Top of EXERCISE DATA

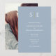 Este convite de casamento minimalista chique pode ser personalizado com as iniciais do seu monograma e os detalhes do dia do casamento em um fundo azul poeira. Com a sua foto especial no verso. Concebido por Thisisnotme
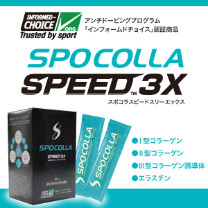 ●スポコラ・スピード3X:「ケガに負けない身体」をコンセプトに、筋肉(筋膜)損傷、靭帯損傷、関節損傷などの予防・改善をサポートするサプリメント。食べやすいグレープフルーツ風味のゼリーで、筋膜成分、靭帯成分、腱成分、軟骨成分を多く含む線維状プロテインを1包あたり3000mg配合。アンチ・ドーピング認証商品(インフォームド・チョイス)https://spocolla.jp
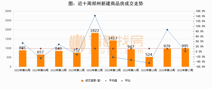 进入2025年第17周(04月21日-04月27日),郑州新建商品房成交995套,较上周增加16套,环比上涨1.6%
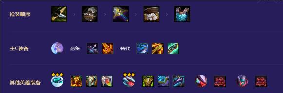 装备优先考虑艾希的轻语随后补充布里茨的肉装偷偷可以给亚索以及沃里克携带记得要做离子火花给雷克顿破除魔抗打出源计划的伤害!
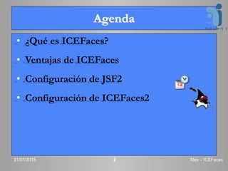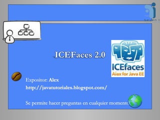 ICEFaces es una extensión AJAX para JavaServer Faces que ofrece componentes para interfaces de usuario, actualizaciones de páginas optimizadas y compatibilidad con otros frameworks. La presentación cubrió qué es ICEFaces, sus ventajas como componentes de interfaz de usuario y actualizaciones del servidor, y ejemplos de configuración de JSF y ICEFaces y aplicaciones como zonas horarias y carritos de compras.

Bottom of EXERCISE DATA

Reproduce the records exactly, starting with their first line and ending with the line that contains "装备优先考虑艾希的轻语随后补", though pictures should be dropped.

 Este convite de casamento minimalista chique pode ser personalizado com as iniciais do seu monograma e os detalhes do dia do casamento em um fundo azul poeira. Com a sua foto especial no verso. Concebido por Thisisnotme
 ●スポコラ・スピード3X:「ケガに負けない身体」をコンセプトに、筋肉(筋膜)損傷、靭帯損傷、関節損傷などの予防・改善をサポートするサプリメント。食べやすいグレープフルーツ風味のゼリーで、筋膜成分、靭帯成分、腱成分、軟骨成分を多く含む線維状プロテインを1包あたり3000mg配合。アンチ・ドーピング認証商品(インフォームド・チョイス)https://spocolla.jp
 进入2025年第17周(04月21日-04月27日),郑州新建商品房成交995套,较上周增加16套,环比上涨1.6%
 装备优先考虑艾希的轻语随后补充布里茨的肉装偷偷可以给亚索以及沃里克携带记得要做离子火花给雷克顿破除魔抗打出源计划的伤害!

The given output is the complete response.